Now, people from all walks of life are travelling to India to study and practise Yoga, and experience Ashram life. This post will help prepare you to visit an Ashram by answering all your questions about where to go, what to pack, what you need to know, and what to expect.
Interested in travelling to India for Yoga? Please read my Complete Guide to Yoga in India to have all of your questions answered.
- Why am I qualified to recommend Ashrams in India?
- What is an Ashram?
- How do you find an Ashram in India?
- What should you pack for an Ashram?
- What to expect at an Ashram?
- What is the daily routine?
- What is the food like at an Ashram?
- A day in the life of Aurovalley Ashram
Why am I qualified to recommend Ashrams in India?
For the past 25 years Yoga has been an important part of my life. I’ve practised Yoga since 1993, became a certified Yoga teacher in 2004, and started travelling to India in 2005. Over the past 13 years of travel in India, I’ve spent months in Yoga Ashrams. Though I have visited many, the two I have spent the most time in are Anand Prakash Yoga Ashram in Rishikesh, and Aurovalley Ashram in Rishidwar (between Rishikesh and Haridwar).

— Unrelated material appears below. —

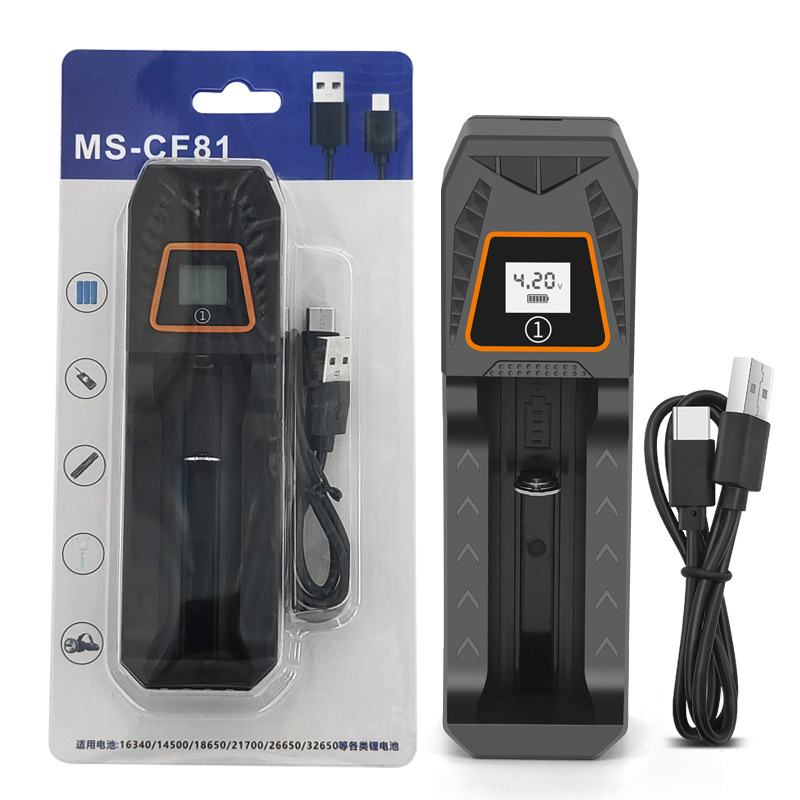 18650 충전기 타입-C 지능형 싱글 슬롯 고속 충전 디스플레이 3.7V 리튬 배터리 충전 보물 배터리 미터스토어 가기

Anand Prakash was founded by Yogrishi Vishvketu (Vishvaji), an Indian Yoga teacher and his Canadian wife Chetana Panwar, from Toronto. Their Ashram is usually filled with western students, and their Yoga Teacher Training course in India is second to none. To read more about Yogrishi Vishvketu, Akhanda Yoga and Ananda Prakash, read Interview with a Master. I think Anand Prakash Yoga Ashram is the best Yoga ashram in Rishikesh, India.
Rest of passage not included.